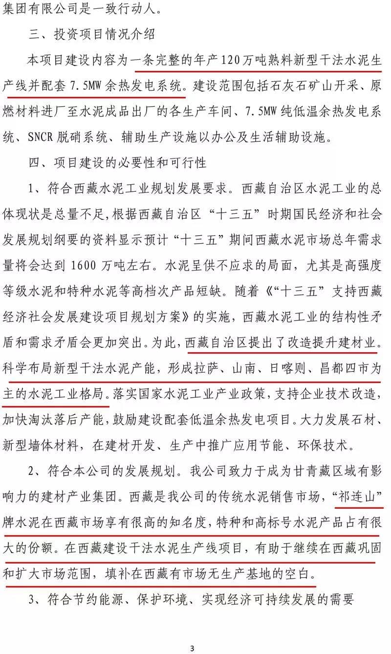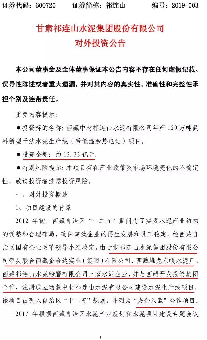 水泥人网消息:1月11日晚间,祁连山(600720)公告称,控股子公司西藏中材祁连山水泥拟投资12.33亿元建设年产120万吨熟料新型干法水泥生产线(带低温余热电站)项目。
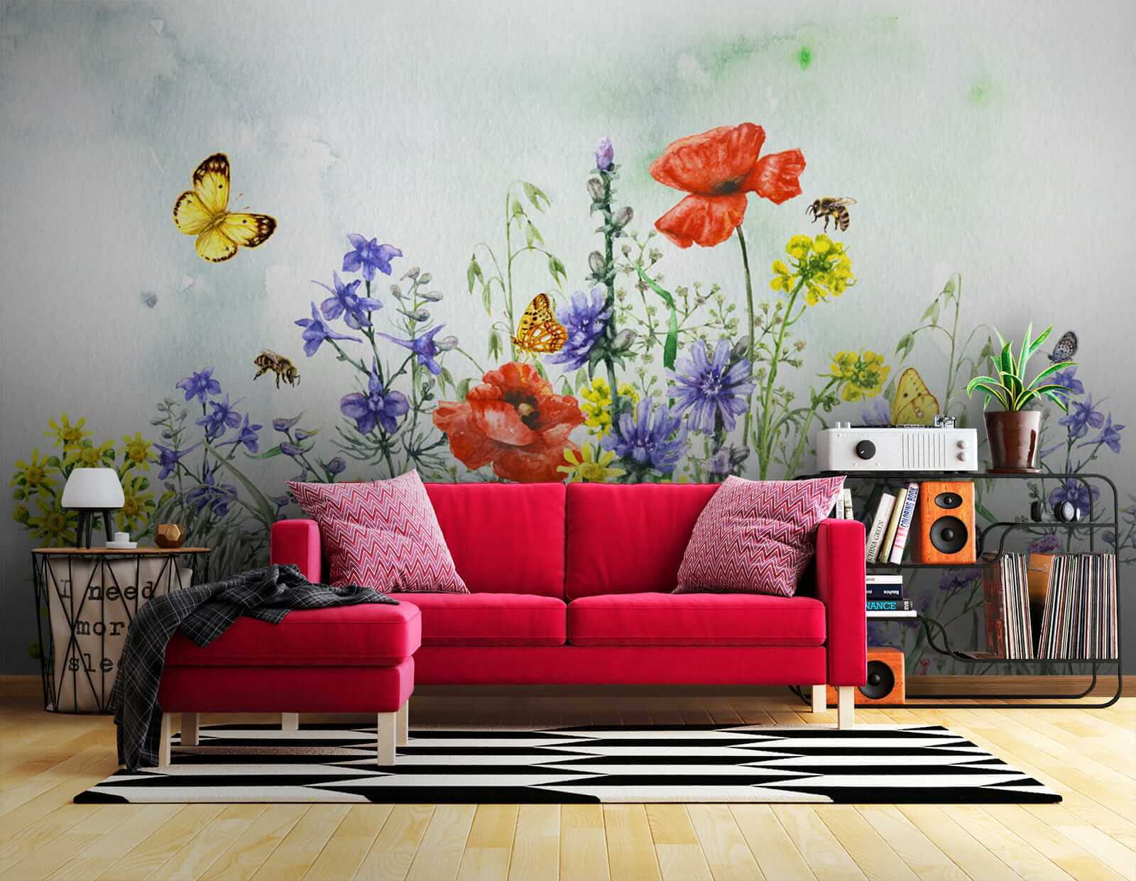 Questo murale non è solo una decorazione, ma trasforma l’atmosfera di uno spazio. Pensate alle pigre domeniche mattina con un caffè in mano, ammirando le fioriture colorate e le farfalle giocose: pura beatitudine. Con il suo fascino acquerellato, è perfetto per qualsiasi stanza che necessiti di un tocco di magia della natura. Potreste persino ritrovarvi a sognare di essere in un prato a ogni sguardo. Date alle vostre pareti una storia da raccontare. 🌸🦋
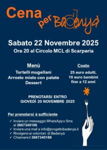 Carissime amiche, carissimi amici, sabato 22 novembre, alle 20 al Circolo Mcl Scarperia, si terrà la nostra annuale cena di beneficenza, protagonisti della serata i nostri fantastici tortelli freschissimi! C'è tempo fino a giovedì 20 novembre per prenotare, non aspettate però l'ultimo momento, mi raccomando! Vi aspettiamo come sempre numerosi!
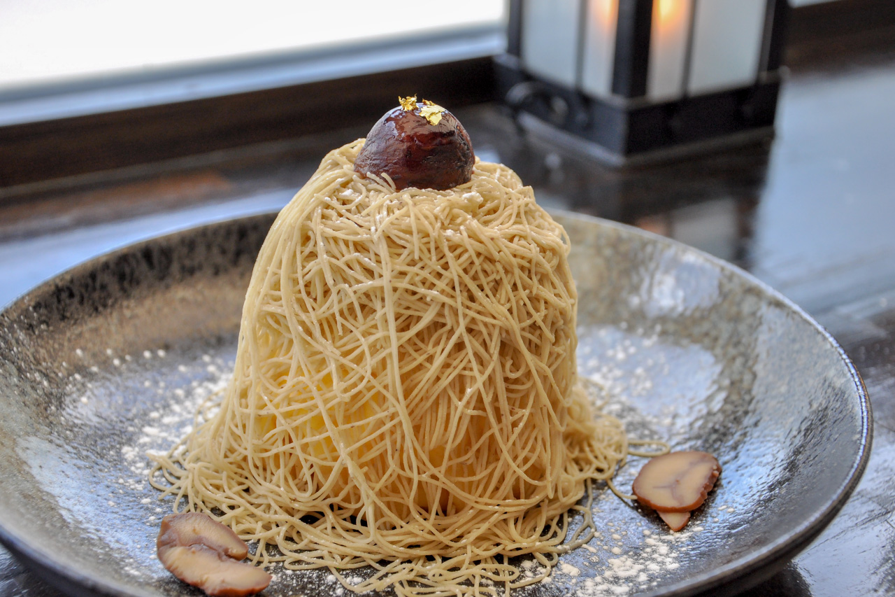 錦糸モンブラン(1430円) 店内はオシャレで落ち着いています。アイスコーヒーにほうじ茶はセルフサービス。見た目のボリュームもあり、SNS映え間違いなしです!
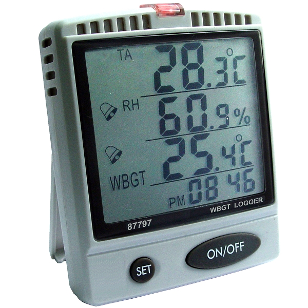 87797 AZ Wet Bulb Globe Temperature Recorder memiliki LCD besar untuk menunjukkan nilai dan jam waktu nyata. Ini bisa menjadi Monitor WBGT dalam ruangan terbaik Anda. Ini dapat diterapkan untuk mengukur nilai WBGT dalam konstruksi, pengecoran besi dan baja, pabrik pembakaran batu bata, fasilitas kaca, ruang ketel, lokasi penambangan, pelatihan tentara, maraton, aktivitas pantai, dan sebagainya. Itu juga dapat digunakan oleh ahli kesehatan industri untuk menentukan tingkat paparan yang tepat terhadap suhu tinggi.
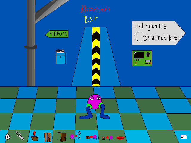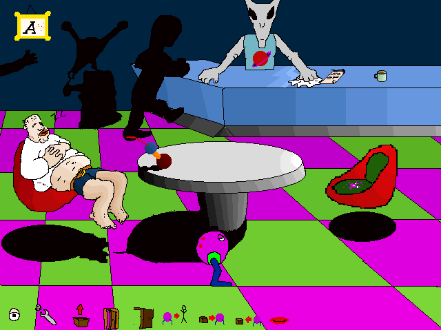 I have always been a point & click adventure game fan, so I had to try creating my own grand adventure of course! I got as far as creating two screens. In this unnamed adventure, you could “walk” the purple alien ball called Mutlogg around with the cursor keys (more like warping around, since the collision detection didn’t work at all) and even talk to the alien bar keeper (with voice talents by my brother and yours truly.) Most of the characters on screen were animated however, even all the interface buttons had two different states. Apparently the story revolved around some kind of murder case, but I think I just made that up as I went along creating the “game.”
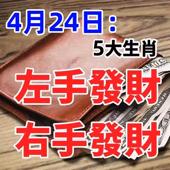 4月24日這一天,根據民間生肖運勢的說法,有幾個生肖可以說是「左手發財,右手發財,躺著也發財」——運氣好到炸!這些生肖在財運上會有爆發性的好運,不論是正財還是偏財,都有機會進帳滿滿。 來看看哪些幸運生肖上榜吧!
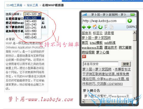 写在最后,每天都有亿万用户使用移动设备上网, 您是否有适合移动设备浏览的网站? 如果没有或者您还不确定,那么从现在开始,建立自己的移动网站吧。嘿嘿。今天,啰嗦的有点多了,介绍了几款常用的wap网站调试工具,嘿嘿。本文由萝卜居家园网 http://www.luoboju.com 原创发表,转载请注明,当然咯,不注明的话,萝卜鱼也没辙。
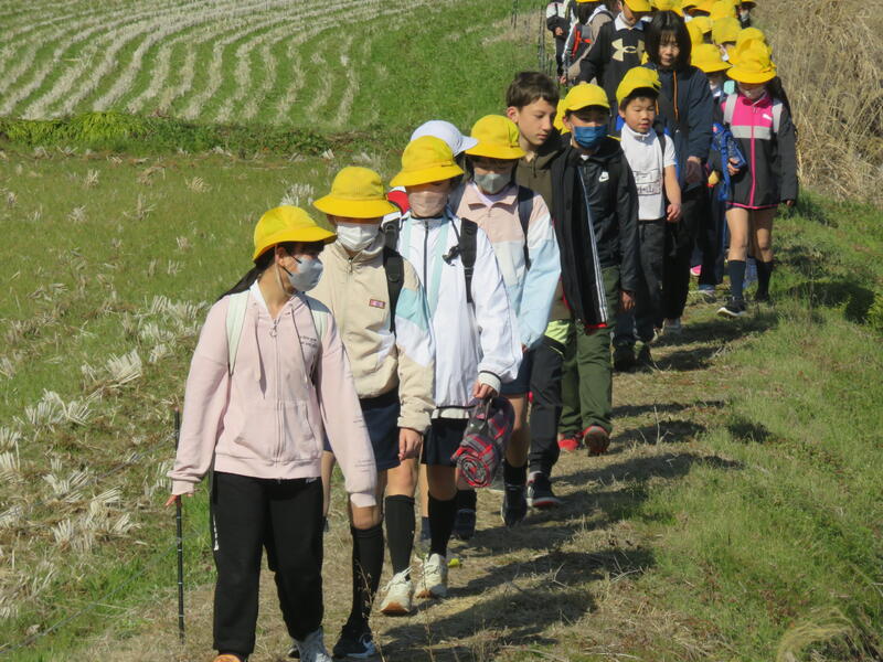 3月3日(金)送別遠足を行いました。久しぶりに田原坂公園へ全校児童で行くことができました。片道約5kmの道のりは、狭い道あり、長い坂道ありで大変でしたが、みんなで声をかけ、励まし合いながら進むことができました。田原坂公園に到着後、送別集会を行い、在校生から6年生へよびかけの言葉や歌のプレゼントを贈ることができました。その後、6年生からのお礼の言葉と卒業式で歌う「旅立ちの日に」を聴き、在校生も喜んでいました。あこがれの6年生ともうすぐ離れるのは寂しいですが、限られた時間を一緒に楽しく過ごしたいですね。
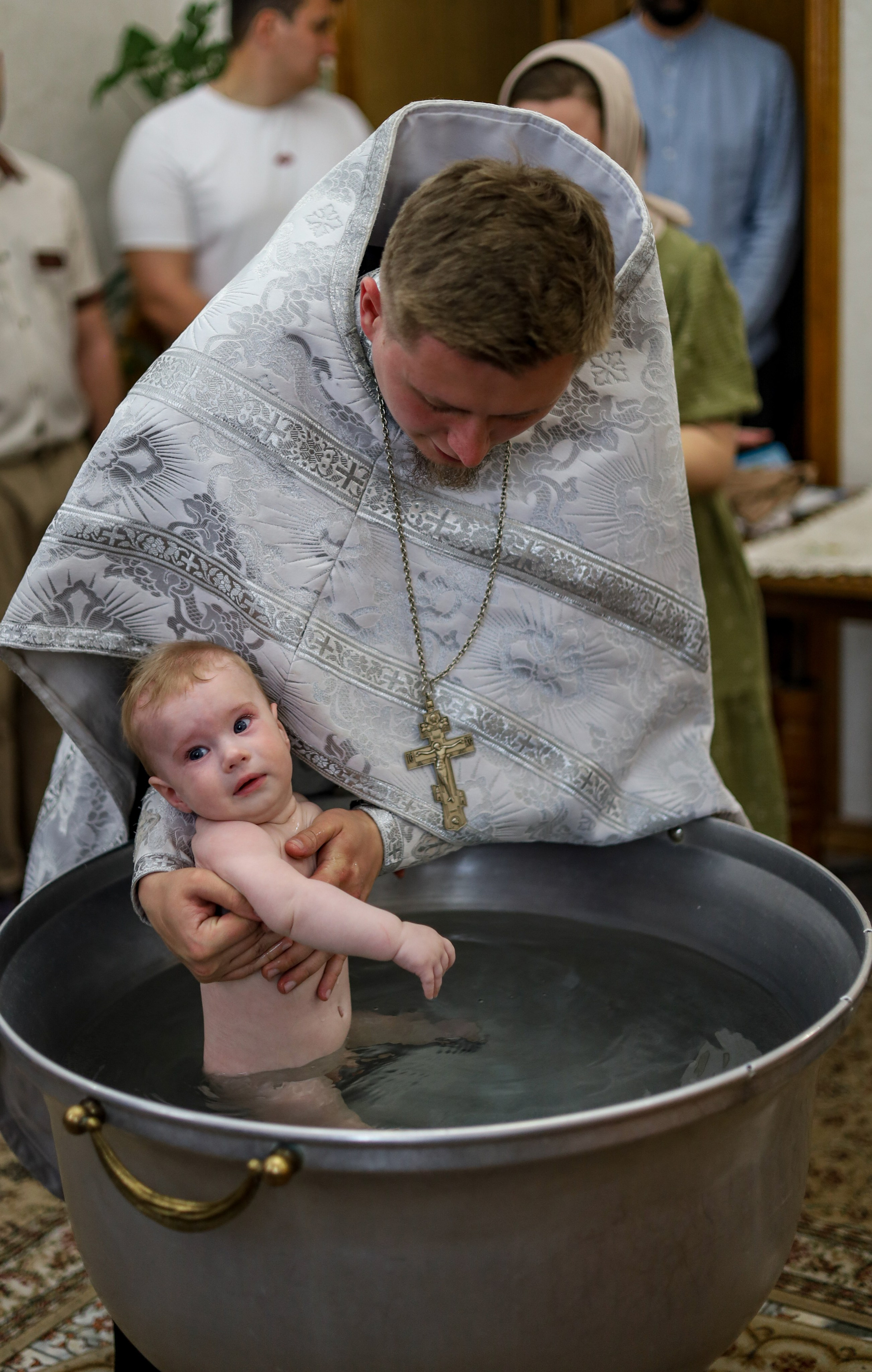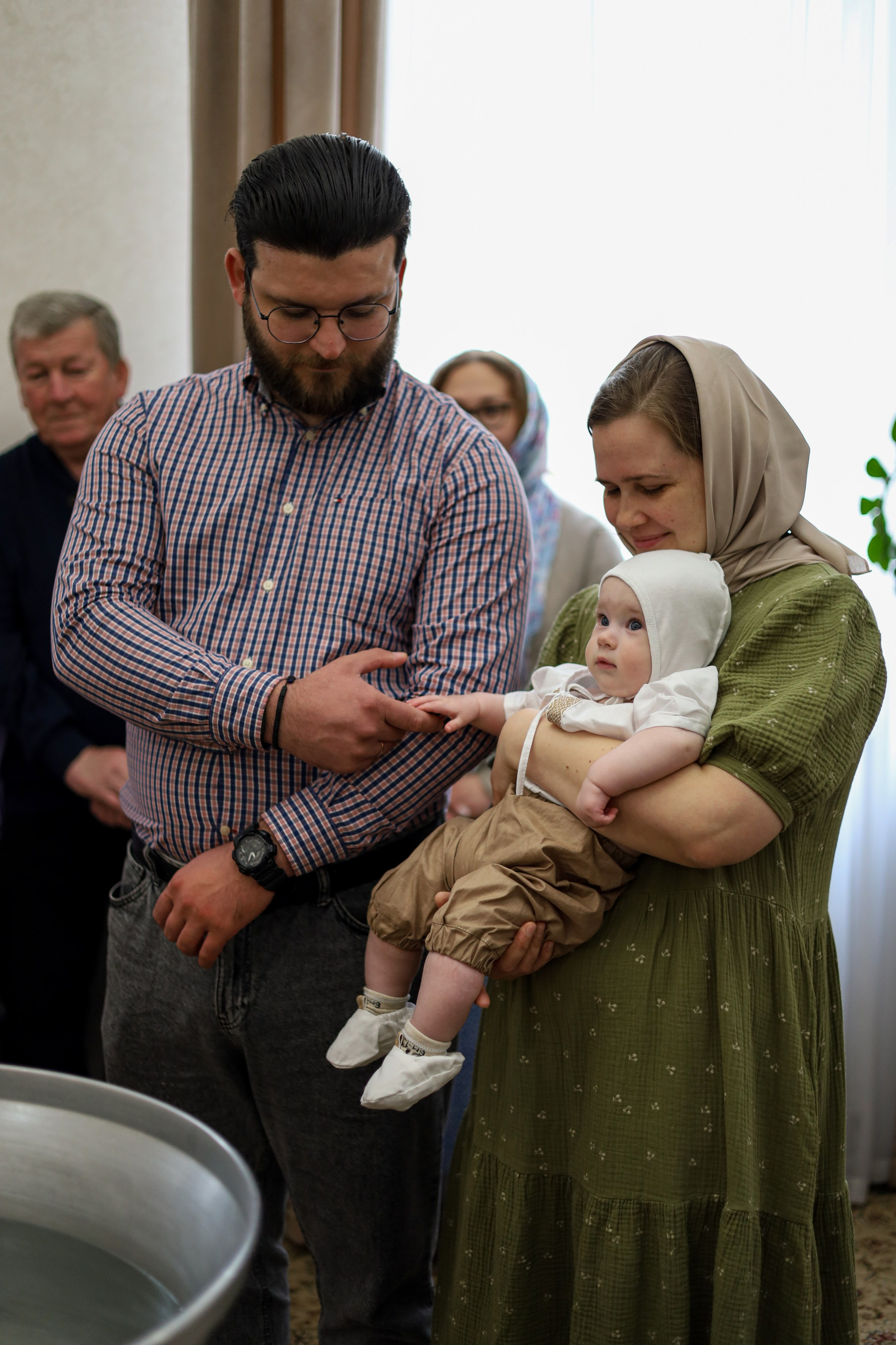 Трогательный момент крещения — родители с малышом в храме.
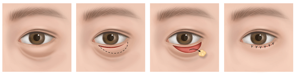 Lower eyelid procedures address under-eye puffiness, bulging fat, or lax skin. There are generally two main approaches:
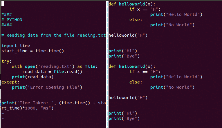 If users want to open a different file alongside their current one, they must enter the command :vsp newfileName. Again, users may navigate between the windows using Ctrl + w + w.
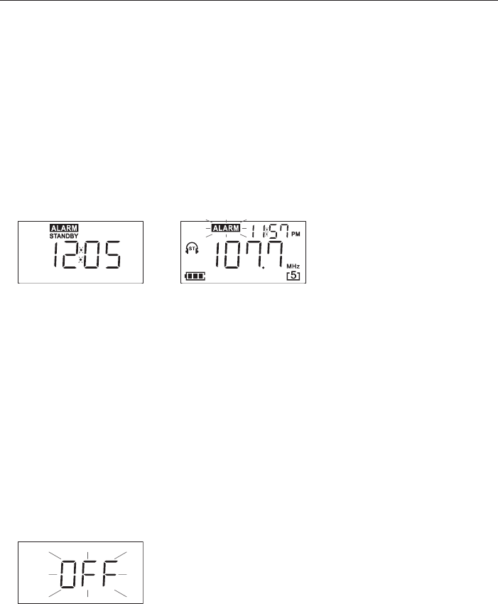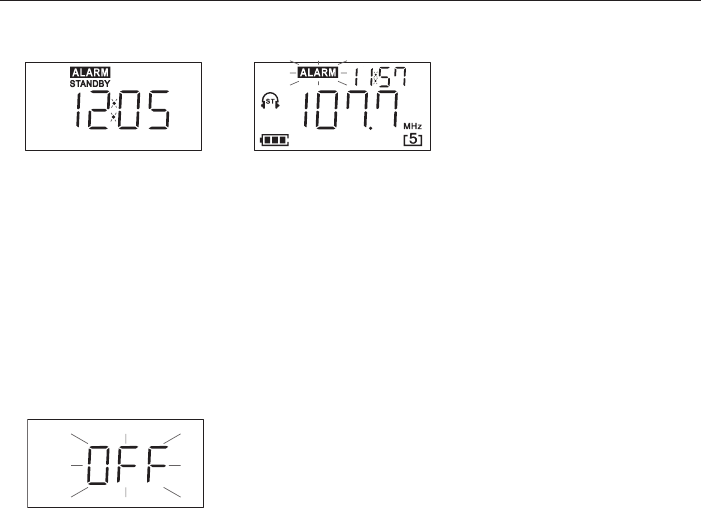 Sie einen Bestätigungston erhalten und das Wort Alarm im Display erscheint. Das Radio wechselt
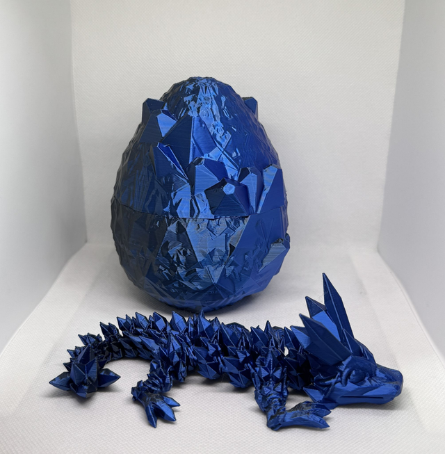 Design : Œuf de cristal finement travaillé, renfermant un dragon cristal détaillé et scintillant.
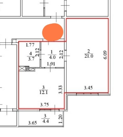 Общая площадь 40.8 м2
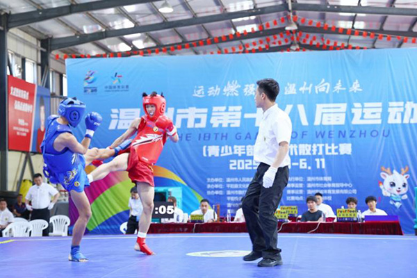 近日,温州市第十八届运动会(青少年部)武术散打比赛在平阳育英体校落幕。本次赛事由温州市人民政府主办、温州市体育局执行、平阳县文化和广电旅游体育局承办。
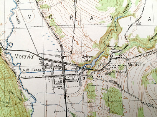 Antique Moravia, New York 1943 US Geological Survey Topographic Map – Venice, Genoa, Locke Montville Fillmore Glen Cayuga Tompkins County NY

§ §

Skip all pictures. Copy exactly the lines from the one containing "近日,温州市第十八届运动会(青少年部)武" through the end of the records, both ends included.

=== Response ===
 近日,温州市第十八届运动会(青少年部)武术散打比赛在平阳育英体校落幕。本次赛事由温州市人民政府主办、温州市体育局执行、平阳县文化和广电旅游体育局承办。
 Antique Moravia, New York 1943 US Geological Survey Topographic Map – Venice, Genoa, Locke Montville Fillmore Glen Cayuga Tompkins County NY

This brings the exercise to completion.